_Your instructions_
Without changing a word, repeat the data, and include no pictures.

_Records for this exercise_

------------------------------------------------------------------------

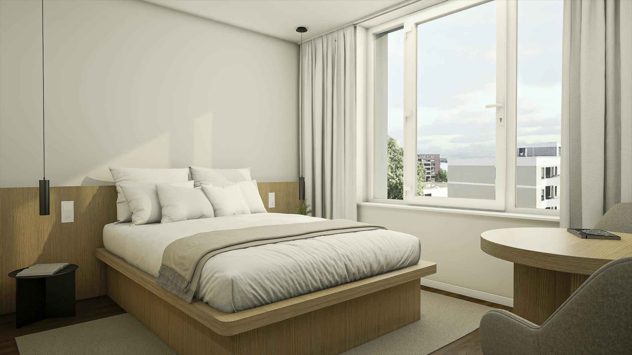 Combining the vibrancy of Berlin with natures serenity, the Waterfront was crafted with wood and raw textures, blending modern art and colorful accents. The property is purposefully built to be an ideal location for you to make the most of the co-living lifestyle, and be part of the (hidden) community. On the ground floor, tenants are invited to enjoy and exclusive and stylish community area featuring a smart television, comfortable sofas, meeting rooms, working areas, and a shared kitchen. The Waterfront also includes a welcoming Café for tenants and their guests, offering multiple menu options to start the day and tasteful snacks to enjoy whenever you want.
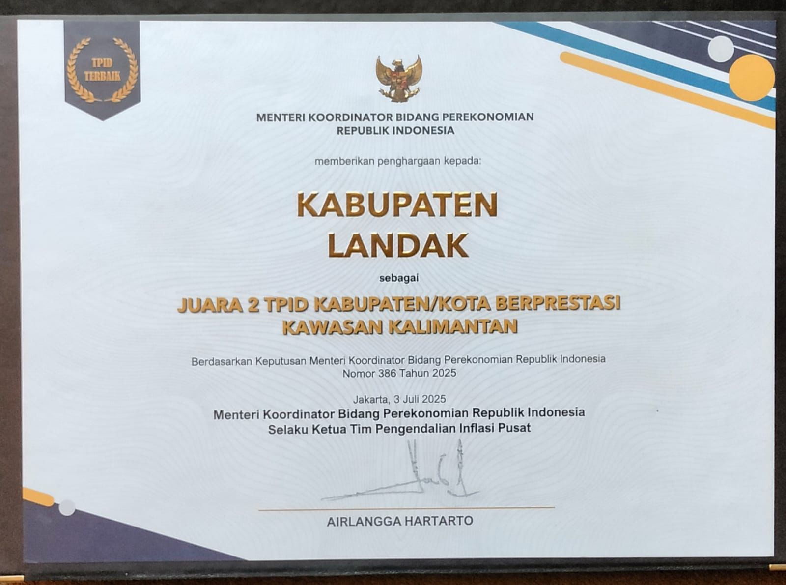 KALIMANTAN TODAY, LANDAK – Pemerintah Kabupaten Landak meraih juara 2 Tim Pengendalian Inflasi Daerah (TPID) dengan kategori Kabupaten/Kota Berprestasi Kawasan Kalimantan.
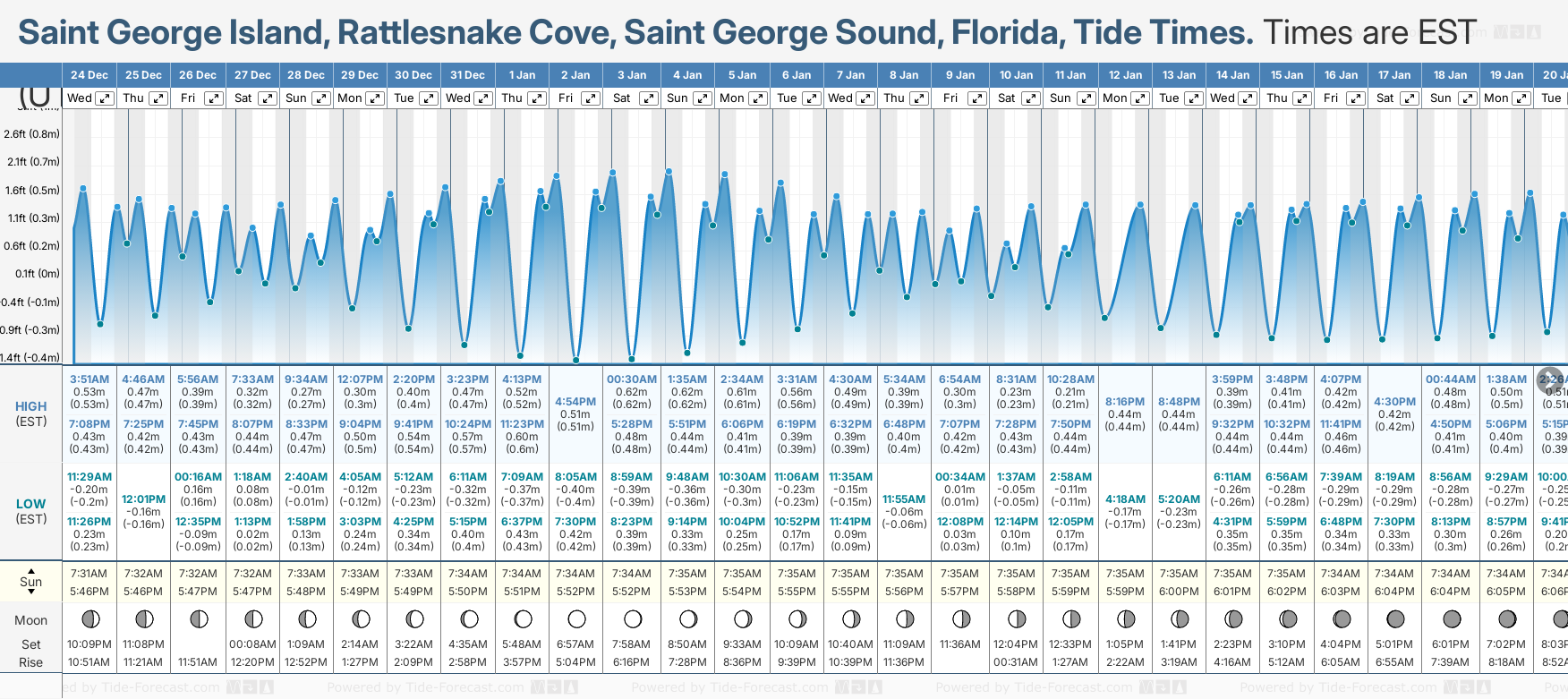 December and January Tide charts for Saint George Island, Rattlesnake Cove, Saint George Sound: The tide charts below show the height, time and date of high and low tides for the next 30 days.
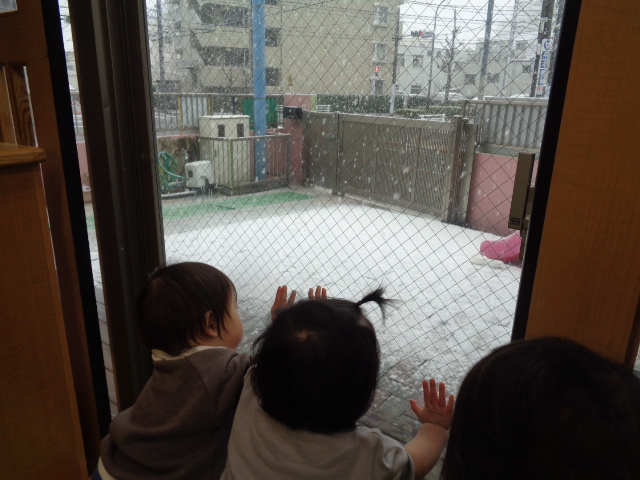何だかいつもより寒いね~…と話していたら、外の景色がだんだんと雪景色に!子ども達も不思議そうに窓から眺めています。
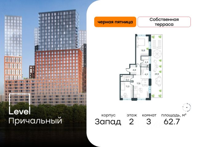 Цена указана с учётом скидки Ключи в момент покупки! В готовом жилом комплексе на набережной Москвы-реки продается 3-комнатная квартира площадью 62,7 кв.м без отделки. Квартира расположена на 2 этаже 6 этажного корпуса "Корпус Запад" в жилом комплексе бизнес-класса Level Причальный (компания Level Group/Левел групп). Отличная транспортная доступность - 7 мин. пешком до станции метро и МЦК "Шелепиха" - 5 мин. на авто до ТТК - 10 мин. на авто до Москва-Сити - 13 мин. на авто до Садового кольца Продуманный архитектурный проект - концепция создана совместно с архитектурным бюро "Остоженка" - из большинства окон открывается вид на архитектурные доминанты столицы: МГУ, Москва-Сити - высокие потолки 3,4-4,44 м в квартирах - квартиры с собственной террасой для отдыха и работы на свежем воздухе - квартиры сдаются без отделки-прекрасная возможность для создания своего уникального интерьера Технологии и безопасность - система приточной вентиляции, обеспечивающая свежий воздух в квартирах - собственные центральные водонагреватели-гарантия круглогодичной подачи горячей воды в квартиру - единый ключ доступа на всю территорию комплекса - пассажирские и сервисные лифты OTIS скоростью от 1,6 до 2,5 м/с Благоустройство Дизайн внутренней территории Level Причальный разработан в сотрудничестве со студией UpLand. Здесь спроектирован уникальный двухуровневый двор с пространством для жителей любого возраста. Концепция игрового пространства верхнего яруса-каникулы на морском побережье. Дети будут в восторге от большого скалодрома и песочницы-пляжа площадью 280 м². Также здесь находится безопасная площадка для малышей. Верхний и нижний уровни двора соединяет 90-метровый мост-пергола. Он позволит перемещаться между ярусами, а дети смогут спускаться с него по горкам. На нижнем уровне всё располагает к размеренному отдыху: прогулкам, беседам с друзьями, релаксации на шезлонгах, творческим вечерам в амфитеатре или командным активностям. Все общественные зоны жилого комплекса, включая двор и лобби, имеют доступ к сети Wi-Fi. Внутренняя инфраструктура В жилом комплексе предусмотрен собственный торговый центр с супермаркетом, фитнес-центром, магазинами, ресторанами и другими сервисами. Для жителей спроектированы просторные входные группы с большими окнами. Здесь предусмотрены мойки для лап животных и гостевые санузлы. Также в жилом комплексе доступен отапливаемый подземный паркинг на 694 машино-места и кладовые. Инфраструктура района Level Причальный расположен в районе Хорошёво-Мнёвники, одном из самых экологически чистых и престижных районов СЗАО Москвы. Он входит в территорию активно развивающегося "Большого Сити" и характеризуется развитой инфраструктурой. В 15-минутной доступности на авто-50 детских садов, 22 школы, 5 торговых центров, десятки супермаркетов и фитнес-клубов. А еще скоро Шелепихинская набережная, на которой расположен жилой комплекс, приобретет новый облик и станет одним из главных мест притяжения резидентов Level Причальный. Продается 3-комнатная квартира первичка на проезде Причальный в Москве.
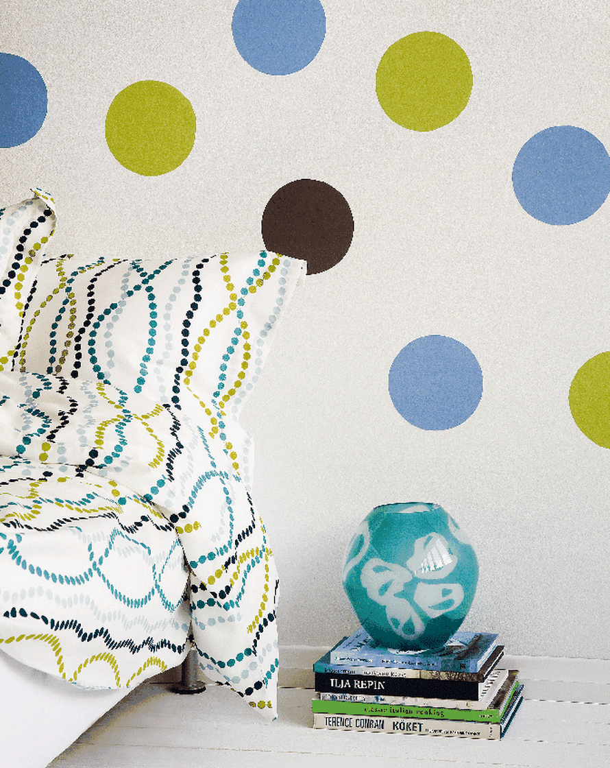 Leikkaa vanhoista tapetinjämistä lautasta apuna käyttäen erivärisiä palloja ja kiinnitä ne liisterillä suoraan puhtaaseen seinään. Jos pallot myöhemmin kyllästyttävät, ne on helppo irrottaa vedellä kostuttamalla.
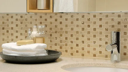 There are multiple benefits to extending the length of bathroom backsplash, the most obvious being that it provides a canvas for large and luxurious tile decoration. Wall space that would otherwise go empty can be covered to fit the budget-friendly half-tile bathroom trend. Tile can establish the room's elegance when applied to the upper half of the wall space surrounding the mirror by adding backsplash to your bathroom vanity. A longer backsplash will not only extend the opportunity for artistic expression, it will also provide a more functional bathroom experience. More tile installed on the wall will create a greater shield against water and splashes that could cause damage over time.
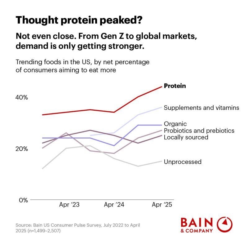 Só nos EUA, uma pesquisa da Bain & Company indica que 44% dos americanos pretendem aumentar seu consumo de proteína até 2025.
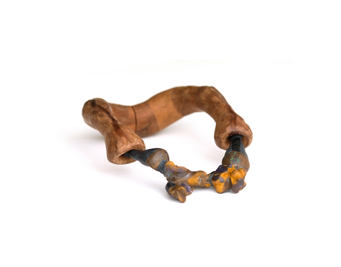 In his series Ruler, Levan Jishkariani (MFA) combines gemstones, wood, steel, and synthetic materials. His works are characterised by constructive tension, visibly articulated joints, and a deliberate play with weight, balance, and material contrasts.

------------------------------------------------------------------------

_Response to the exercise_
 Combining the vibrancy of Berlin with natures serenity, the Waterfront was crafted with wood and raw textures, blending modern art and colorful accents. The property is purposefully built to be an ideal location for you to make the most of the co-living lifestyle, and be part of the (hidden) community. On the ground floor, tenants are invited to enjoy and exclusive and stylish community area featuring a smart television, comfortable sofas, meeting rooms, working areas, and a shared kitchen. The Waterfront also includes a welcoming Café for tenants and their guests, offering multiple menu options to start the day and tasteful snacks to enjoy whenever you want.
 KALIMANTAN TODAY, LANDAK – Pemerintah Kabupaten Landak meraih juara 2 Tim Pengendalian Inflasi Daerah (TPID) dengan kategori Kabupaten/Kota Berprestasi Kawasan Kalimantan.
 December and January Tide charts for Saint George Island, Rattlesnake Cove, Saint George Sound: The tide charts below show the height, time and date of high and low tides for the next 30 days.
何だかいつもより寒いね~…と話していたら、外の景色がだんだんと雪景色に!子ども達も不思議そうに窓から眺めています。
 Цена указана с учётом скидки Ключи в момент покупки! В готовом жилом комплексе на набережной Москвы-реки продается 3-комнатная квартира площадью 62,7 кв.м без отделки. Квартира расположена на 2 этаже 6 этажного корпуса "Корпус Запад" в жилом комплексе бизнес-класса Level Причальный (компания Level Group/Левел групп). Отличная транспортная доступность - 7 мин. пешком до станции метро и МЦК "Шелепиха" - 5 мин. на авто до ТТК - 10 мин. на авто до Москва-Сити - 13 мин. на авто до Садового кольца Продуманный архитектурный проект - концепция создана совместно с архитектурным бюро "Остоженка" - из большинства окон открывается вид на архитектурные доминанты столицы: МГУ, Москва-Сити - высокие потолки 3,4-4,44 м в квартирах - квартиры с собственной террасой для отдыха и работы на свежем воздухе - квартиры сдаются без отделки-прекрасная возможность для создания своего уникального интерьера Технологии и безопасность - система приточной вентиляции, обеспечивающая свежий воздух в квартирах - собственные центральные водонагреватели-гарантия круглогодичной подачи горячей воды в квартиру - единый ключ доступа на всю территорию комплекса - пассажирские и сервисные лифты OTIS скоростью от 1,6 до 2,5 м/с Благоустройство Дизайн внутренней территории Level Причальный разработан в сотрудничестве со студией UpLand. Здесь спроектирован уникальный двухуровневый двор с пространством для жителей любого возраста. Концепция игрового пространства верхнего яруса-каникулы на морском побережье. Дети будут в восторге от большого скалодрома и песочницы-пляжа площадью 280 м². Также здесь находится безопасная площадка для малышей. Верхний и нижний уровни двора соединяет 90-метровый мост-пергола. Он позволит перемещаться между ярусами, а дети смогут спускаться с него по горкам. На нижнем уровне всё располагает к размеренному отдыху: прогулкам, беседам с друзьями, релаксации на шезлонгах, творческим вечерам в амфитеатре или командным активностям. Все общественные зоны жилого комплекса, включая двор и лобби, имеют доступ к сети Wi-Fi. Внутренняя инфраструктура В жилом комплексе предусмотрен собственный торговый центр с супермаркетом, фитнес-центром, магазинами, ресторанами и другими сервисами. Для жителей спроектированы просторные входные группы с большими окнами. Здесь предусмотрены мойки для лап животных и гостевые санузлы. Также в жилом комплексе доступен отапливаемый подземный паркинг на 694 машино-места и кладовые. Инфраструктура района Level Причальный расположен в районе Хорошёво-Мнёвники, одном из самых экологически чистых и престижных районов СЗАО Москвы. Он входит в территорию активно развивающегося "Большого Сити" и характеризуется развитой инфраструктурой. В 15-минутной доступности на авто-50 детских садов, 22 школы, 5 торговых центров, десятки супермаркетов и фитнес-клубов. А еще скоро Шелепихинская набережная, на которой расположен жилой комплекс, приобретет новый облик и станет одним из главных мест притяжения резидентов Level Причальный. Продается 3-комнатная квартира первичка на проезде Причальный в Москве.
 Leikkaa vanhoista tapetinjämistä lautasta apuna käyttäen erivärisiä palloja ja kiinnitä ne liisterillä suoraan puhtaaseen seinään. Jos pallot myöhemmin kyllästyttävät, ne on helppo irrottaa vedellä kostuttamalla.
 There are multiple benefits to extending the length of bathroom backsplash, the most obvious being that it provides a canvas for large and luxurious tile decoration. Wall space that would otherwise go empty can be covered to fit the budget-friendly half-tile bathroom trend. Tile can establish the room's elegance when applied to the upper half of the wall space surrounding the mirror by adding backsplash to your bathroom vanity. A longer backsplash will not only extend the opportunity for artistic expression, it will also provide a more functional bathroom experience. More tile installed on the wall will create a greater shield against water and splashes that could cause damage over time.
 Só nos EUA, uma pesquisa da Bain & Company indica que 44% dos americanos pretendem aumentar seu consumo de proteína até 2025.
 In his series Ruler, Levan Jishkariani (MFA) combines gemstones, wood, steel, and synthetic materials. His works are characterised by constructive tension, visibly articulated joints, and a deliberate play with weight, balance, and material contrasts.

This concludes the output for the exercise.